RECORDS FOR THE EXERCISE below:

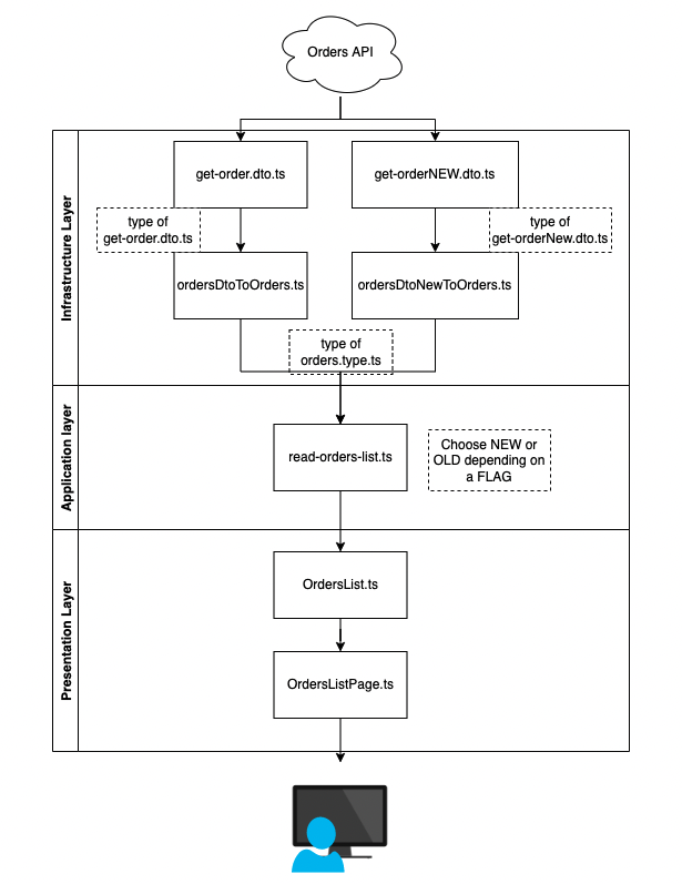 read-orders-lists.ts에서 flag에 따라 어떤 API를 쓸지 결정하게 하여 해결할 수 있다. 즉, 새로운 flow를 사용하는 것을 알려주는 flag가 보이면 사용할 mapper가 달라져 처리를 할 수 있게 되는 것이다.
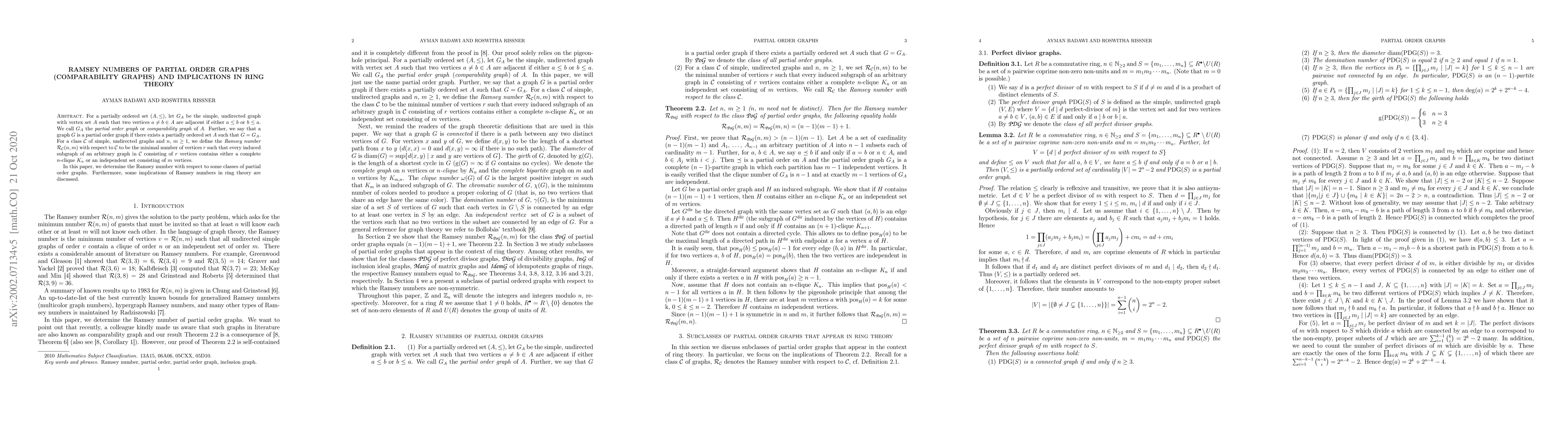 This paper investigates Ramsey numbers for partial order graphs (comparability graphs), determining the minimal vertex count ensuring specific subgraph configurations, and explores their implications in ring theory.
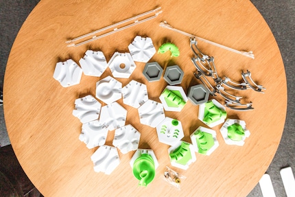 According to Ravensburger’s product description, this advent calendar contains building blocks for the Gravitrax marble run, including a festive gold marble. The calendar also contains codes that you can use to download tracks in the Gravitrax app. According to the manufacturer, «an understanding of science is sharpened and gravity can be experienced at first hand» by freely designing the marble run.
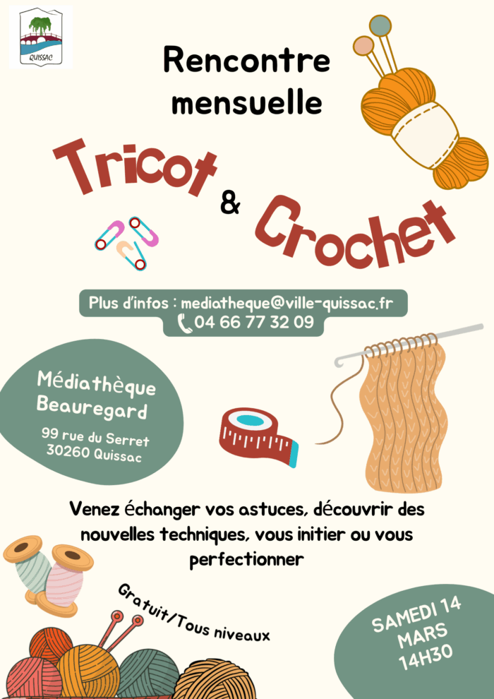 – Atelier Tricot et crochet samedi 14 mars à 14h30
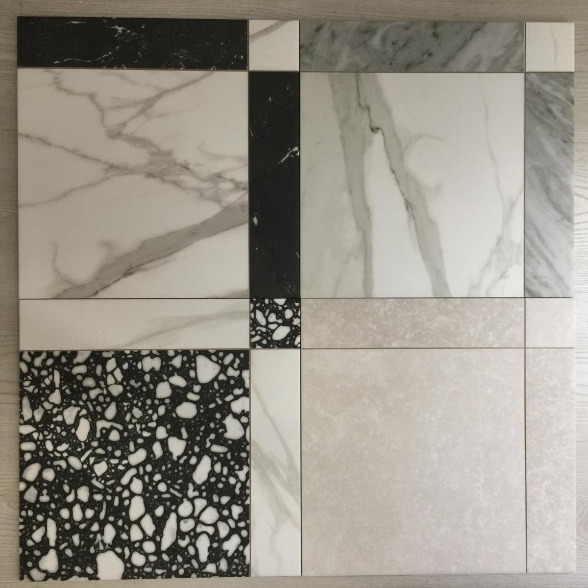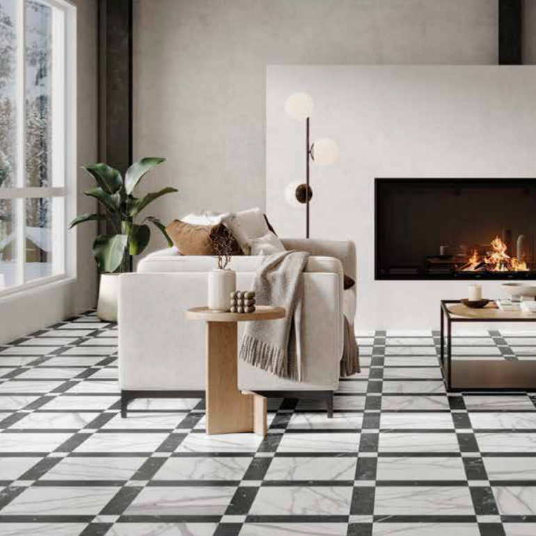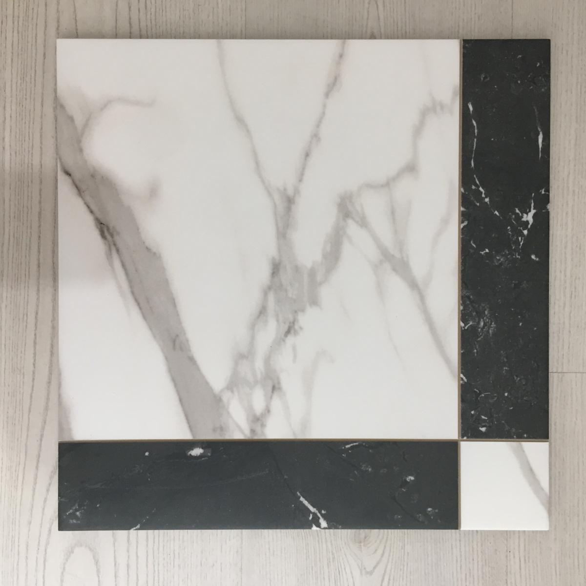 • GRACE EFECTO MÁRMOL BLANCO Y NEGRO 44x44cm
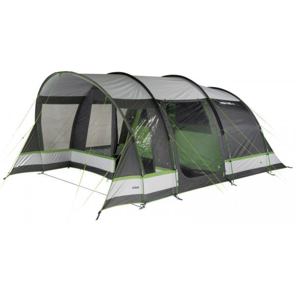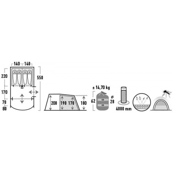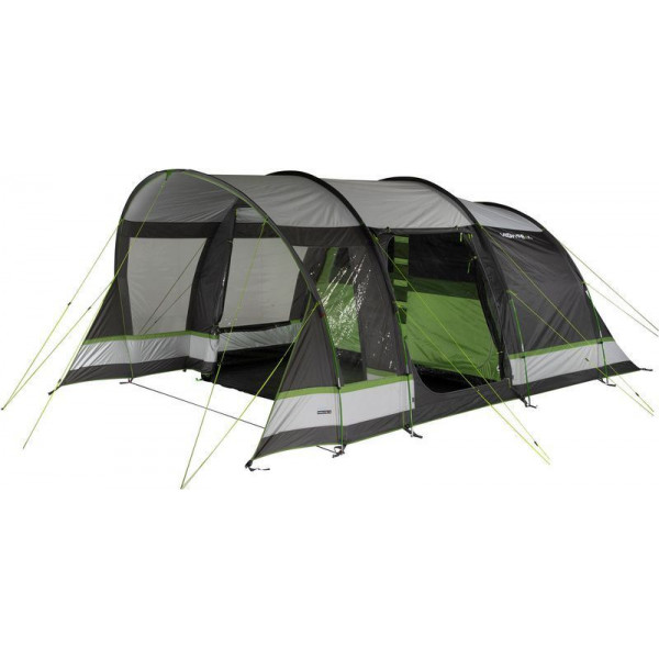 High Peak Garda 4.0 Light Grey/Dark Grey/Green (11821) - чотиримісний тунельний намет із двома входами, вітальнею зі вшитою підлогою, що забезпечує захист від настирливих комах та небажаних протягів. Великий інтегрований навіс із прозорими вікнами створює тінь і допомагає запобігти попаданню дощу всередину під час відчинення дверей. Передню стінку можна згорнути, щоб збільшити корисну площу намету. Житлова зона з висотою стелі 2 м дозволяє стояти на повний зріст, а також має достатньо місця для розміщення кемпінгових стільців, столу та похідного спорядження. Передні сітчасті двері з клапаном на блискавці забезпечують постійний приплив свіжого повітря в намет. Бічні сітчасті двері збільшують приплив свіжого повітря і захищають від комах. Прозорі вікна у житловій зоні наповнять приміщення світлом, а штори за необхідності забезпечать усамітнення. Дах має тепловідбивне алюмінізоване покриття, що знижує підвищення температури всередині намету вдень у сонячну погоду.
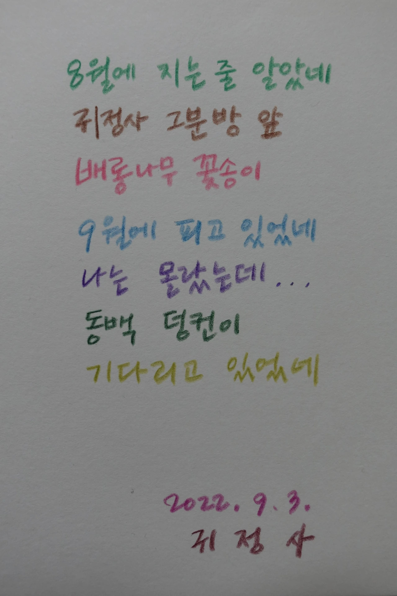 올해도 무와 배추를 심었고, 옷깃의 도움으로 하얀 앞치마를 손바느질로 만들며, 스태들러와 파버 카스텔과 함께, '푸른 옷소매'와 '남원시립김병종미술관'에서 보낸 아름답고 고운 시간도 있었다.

End of RECORDS FOR THE EXERCISE.

## [INSTRUCTIONS TO FOLLOW]
Could you transcribe the records above exactly, leaving every picture out?

## [EXERCISE RESPONSE]
 read-orders-lists.ts에서 flag에 따라 어떤 API를 쓸지 결정하게 하여 해결할 수 있다. 즉, 새로운 flow를 사용하는 것을 알려주는 flag가 보이면 사용할 mapper가 달라져 처리를 할 수 있게 되는 것이다.
 This paper investigates Ramsey numbers for partial order graphs (comparability graphs), determining the minimal vertex count ensuring specific subgraph configurations, and explores their implications in ring theory.
 According to Ravensburger’s product description, this advent calendar contains building blocks for the Gravitrax marble run, including a festive gold marble. The calendar also contains codes that you can use to download tracks in the Gravitrax app. According to the manufacturer, «an understanding of science is sharpened and gravity can be experienced at first hand» by freely designing the marble run.
 – Atelier Tricot et crochet samedi 14 mars à 14h30
 • GRACE EFECTO MÁRMOL BLANCO Y NEGRO 44x44cm
 High Peak Garda 4.0 Light Grey/Dark Grey/Green (11821) - чотиримісний тунельний намет із двома входами, вітальнею зі вшитою підлогою, що забезпечує захист від настирливих комах та небажаних протягів. Великий інтегрований навіс із прозорими вікнами створює тінь і допомагає запобігти попаданню дощу всередину під час відчинення дверей. Передню стінку можна згорнути, щоб збільшити корисну площу намету. Житлова зона з висотою стелі 2 м дозволяє стояти на повний зріст, а також має достатньо місця для розміщення кемпінгових стільців, столу та похідного спорядження. Передні сітчасті двері з клапаном на блискавці забезпечують постійний приплив свіжого повітря в намет. Бічні сітчасті двері збільшують приплив свіжого повітря і захищають від комах. Прозорі вікна у житловій зоні наповнять приміщення світлом, а штори за необхідності забезпечать усамітнення. Дах має тепловідбивне алюмінізоване покриття, що знижує підвищення температури всередині намету вдень у сонячну погоду.
 올해도 무와 배추를 심었고, 옷깃의 도움으로 하얀 앞치마를 손바느질로 만들며, 스태들러와 파버 카스텔과 함께, '푸른 옷소매'와 '남원시립김병종미술관'에서 보낸 아름답고 고운 시간도 있었다.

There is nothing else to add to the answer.